Here’s my overall plan for this series:

Originally published April 18, 2013, but I republished it since I’m working on updating it so much


Comments

18 responses to “Math Gameschooling”

  1. The only one from my cupboard you missed was Tangoes – a tangram puzzle game.

    1. Oh good one, that’s been on my wish list for a while. I keep thinking about getting it, but haven’t yet.

  2. maryanne @ mama smiles Avatar
    maryanne @ mama smiles

    Do you know the game Spot It? My mom just introduced me to it, and it looks like a lot of fun!

    1. We don’t have Spot It, but we have a similar one. We did get a version of it from Chik Fil A, or maybe it was Burger King in one of their kids meals, and we had fun playing with that one. I love when there’s games as the toy rather than a movie tie in.

  3. Brilliant list, Ticia – thanks! Lots of these I haven’t even heard of but they’re on my wishlist (and Pinterest board) now. I’ll have to keep my eyes open in charity shops. I’m intrigued to hear there’s a real version of Tetris – I too loved this (and was a whizz at it). It’s the only game I ever play on my phone, too (on long boring journey’s when even I am “read” out!)
    Lucinda

    1. I know that feeling, I’ve got Mahjong on my phone for when I’m read out or just don’t want to do something.

  4. I LOVE LOVE LOVE LOVE this post!!!!!!!!! So glad I didn’t miss it.
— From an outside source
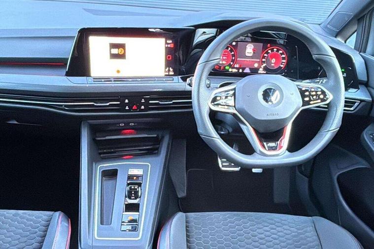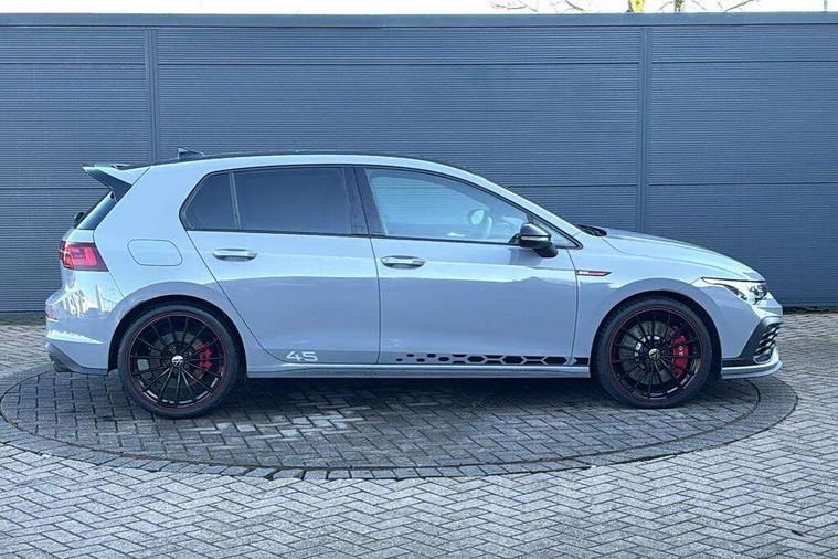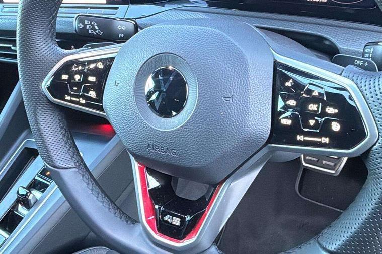 Adaptive cruise control (ACC) with speed limiter and front assist (reacting to vehicles pedestrians and cyclists), Car2X communication, Digital cockpit pro - 10.25" high resolution TFT dash display screen with customizable menus and information, Driver alert system, Driver profile selection, Dynamic road sign display, eCall - Emergency call service for SOS calls to emergency response, Lane assist, Lane change assistant, Mobile phone interface with wireless inductive charging function, Progressive steering, Speedo, rev counter, electronic odometer, trip, service interval display, exterior temperature and fuel gauge, Start/Stop function, Travel assist with emergency side assist with electrically foldable door mirrors, Warning buzzer and light for front seatbelts unfastened, Wireless app connect, Front differential lock, Petrol Particulate Filter, XDS electronic differential lock for improved traction and handling, Premium USB cable in choice of either Apple or Android smartphone compatibility, '45' lettering on the side sill panel and on the boot lid, Advanced high beam control dynamic light assist for LED matrix headlamps, Akrapovic titanium sport exhaust system, Ambient lighting, exterior illuminated styling elements at the sides, Auto dimming rear view mirror, Automatic headlamp activation with Coming home and Leaving home feature, Black painted roof, upper shell of the spoiler and door mirror covers, Body colour bumpers, Body colour door handles, Front and rear electric windows, GTI Clubsport styled bumpers, Heat insulating glass windscreen, Heated rear windscreen, High level 3rd brake light, Highway light, Illuminated front grille, IQ.Light - LED Matrix headlights, dynamic headlight control with advanced high beam control matrix dipped main beam + LED DRL + 22 LED lights, LED front fog lights with 5 honeycomb design, LED License plate illumination, LED rear combination lamp inlcuding dynamic turn signal, Performance rear spoiler, Rain sensor, Rear fog light on one side and reversing lights on both sides, Rear tinted glass 65% light absorbing from B pillar backwards, Rear windscreen washer and wiper with interval delay, Remote electrically heated, adjustable and foldable door mirrors, including door mirror puddle lights and reverse activated kerb-view adjustment on pa, Welcome light, 12V socket in front centre console, 12V socket in luggage compartment, 3 rear head restraints, 3 zone climate with controls in the rear, 45 decal and badge on steering wheel, Aluminium gear knob, Ambient lighting - Customisable 30 colour ambient lighting, Black roof lining, Brushed stainless steel pedals, Centre console, Chrome plated surround to electric mirror button, window switch and air vent surrounds, Door insert in Artvelours, Drivers and front passengers sun visors with vanity mirrors, Front + rear carpet mats, Front centre armrest with storage compartment, Front cupholders x 2, Front reading lights x 2 incorporating LED technology, Front seat lumbar support adjuster, Front sports seats, Glovebox, GTI lettering on the backrests of the front sport seats, Height adjustable front seats, Height and reach adjustable steering wheel, Isofix child seat preparation for 2 rear child seats and front passenger seat, Leather wrapped multifunction sports heated steering wheel with paddle shift, Luggage compartment lighting, Removable luggage compartment cover, Side trim panel and arm support in leatherette, Split folding backrest with centre armrest and unsplit rear seat bench, Woven fabric storage compartments in front and rear doors, 3 point height adj front seatbelts + pretensioners, 3 rear three point seatbelts, ABS, Driver and front passenger airbag with front passenger airbag deactivation, Drivers and front passengers safety optimised head restraints, Electronic parking brake with auto hold, ESC (Electronic Stability Control), Extended pedestrian protection measures, Front and rear passengers curtain airbag system including front side airbags, Front disc brakes, Rear disc brakes, Two tone horn, Tyre pressure monitoring system, Alarm with interior protection and deactivation via infotainment system, Electronic engine immobiliser, Keyless entry with start/stop button on centre console, Black metal chrome decorative inserts in dash and front door trim panels, Soul dashboard, 19" Scottsdale alloy wheels with anti theft wheel bolts, Tyre mobility kit Includes 12V compressor and tyre sealant,

I’m keeping this post for Christmas and birthday gift ideas!

  5. I was pulling together games that teach deductive reasoning, and popped back here to see if you had any I missed. It occurs to me now that I should have objected to your leaving Clue off the list – it teaches deductive reasoning and that is a skill that is essential for Trigonometry and Calculus. That’s a way off yet for your crowd, but it’s never too early to start sharpening those skills.

    1. You know that’s a good one to add in, I hadn’t thought about it at the time I was writing this. That, and I don’t have the normal Clue board game to add in 🙂

  6. […] board games (here’s a whole list of math games, not even counting the simple adding for […]

  7. It’s late and it might be on your great list, but do you have UNO on there? It might be too easy for older kids, but it is great for my toddler as she learns her numbers, colors and words. Thanks for this great inspiration!

    1. I don’t know if I do. It’s been a few years since I wrote this, and I probably didn’t think of it for learning all those skills.

  8. Good day! I 100% agree! Math can be easily turned into a fun and entertaining game. When there’s fun, there’s focus and when there’s focus, there’s a lot of thinking and learning taking place. Monopoly and Uno have always been our family’s favorite math games. Love to see more ideas that we can try. Thank you for sharing these. Keep it up!

  9. My kids would add Sum Swamp to your list. We LOVE Beast Academy.